How entity linkers can help us cross the divides

Different terms may be used in different disciplines to describe the same concept, or the same term may refer to different concepts depending on its disciplinary context. Both phenomena were encountered in a recent review of literature on the concept of “green prescriptions”. In New Zealand, the term, “green prescription” is used to describe the prescribing of physical activity as therapy (e.g. Anderson, 2015). In Europe, the term has been similarly adopted to describe the prescribing of activities carried out in natural settings as therapy (Van den Berg, 2017). This practice is also referred to in Europe as a performing “nature-based” (e.g. Barton, 2015) or “ecotherapy” (Bibby, 2013) interventions. In Germany, however, “green prescriptions” refer to a type of medical prescription, usually for complementary or supplementary medication (e.g. Heyde, 2014).

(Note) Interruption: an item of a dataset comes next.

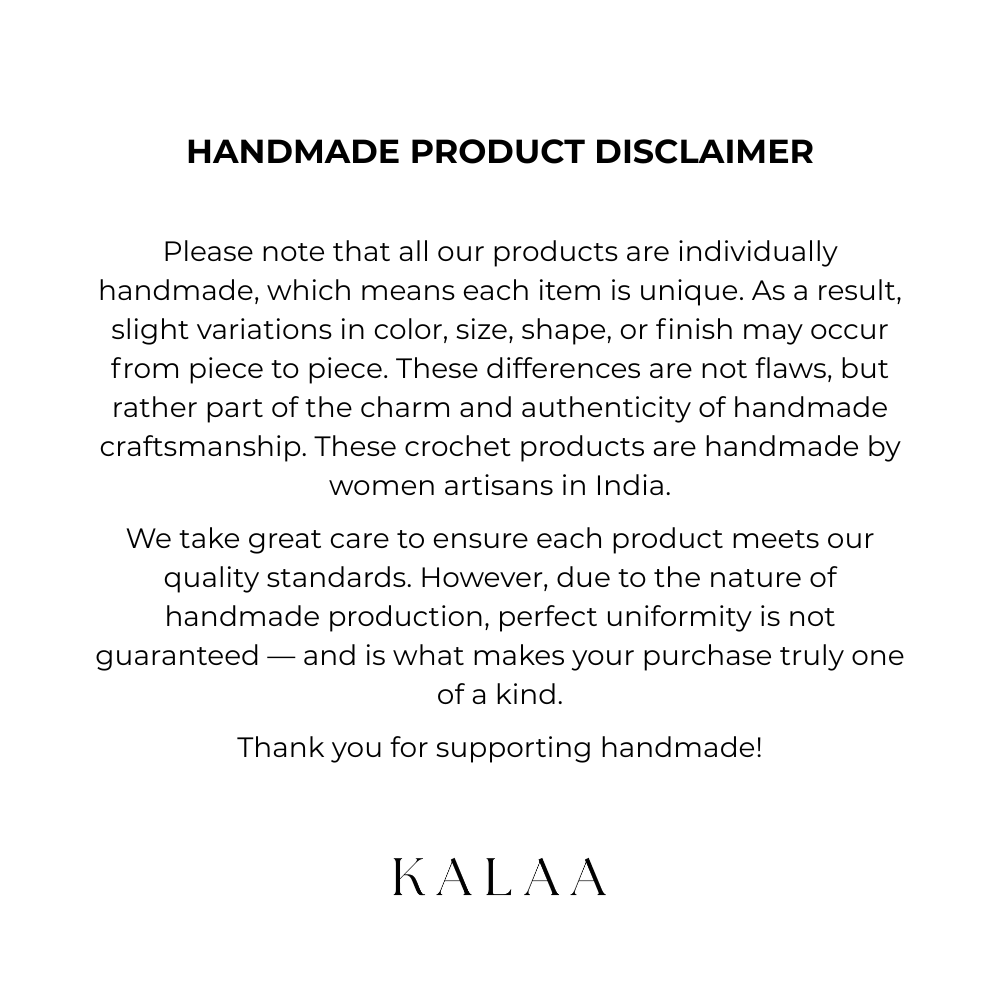Please note that all our products are individually handmade,which means each item is unique. As a result, slight variations in color, size, shape,or finish may occur from piece to piece. These differences are not flaws,but rather part of the charm and authenticity of handmade craftsmanship. These crochet products are handmade by women artisans in India.

As the purpose of the literature review was to explore the prescribing of activities in natural environments, papers describing the New Zealand concept of a “green prescription” and papers describing the European concepts of green prescriptions and nature-based or ecotherapy interventions were relevant, while papers on the German “green prescription” were not. An entity linker would enhance a literature review of this kind, by expediting the uncovering of associated terms such as “nature-based intervention” while discarding unrelated papers, such as those using the term “green prescription” to describe the prescribing of supplementary medication.

Entity linkers have great potential aligning the different ways in which a term is discussed across disciplines, by removing ambiguity. Harnessing this capacity to search for references to the entity in question, discarding references to unrelated entities and including references which use different terminology, we may begin to bridge the divides between a thousand cultures or disciplines.

 

References

Anderson, Y. C., Taylor, G. M., Grant, C. C., Fulton, R. B. & Hofman, P. L. (2015) The green prescription active families programme in Taranaki, New Zealand 2007–2009: Did it reach children in need? Journal of Primary Health Care, 7(3), 192-197.

Barton, J., Sandercock, G., Pretty, J. & Wood, C. (2015) The effect of playground- and nature-based playtime interventions on physical activity and self-esteem in UK school children. International Journal of Environmental Health Research, 25(2), 196-206.

Bibby, P., Wild, A. & Bodell, S. (2013) The benefits of ecotherapy interventions on mental health conditions. British Journal of Occupational Therapy, 76, 47-47.

Deleuze, G. & Guatarri, F. (1987) A Thousand Plateus: Capitalism and Schizophrenia. (2ndEdn) University of Minnesota Press

Heyde, I., Böschen, D., Dicheva, S., Hinrichs, A. & Peters, H. (2014) Folic acid on green prescription: When adjunctive therapy is reimbursed. Deutsche Apotheker Zeitung, 154(19), 36-38.

Kahn, J. (2011) The two (institutional) cultures: a consideration of structural barriers to interdisciplinarity. Perspect Biol Med.,54(3):399-408.

Snow, C.P. (1961) The Two Cultures and The Scientific Revolution. New York: Cambridge University Press

Van den Berg, A. E. (2017) From green space to green prescriptions: Challenges and opportunities for research and practice.Frontiers in Psychology, 8.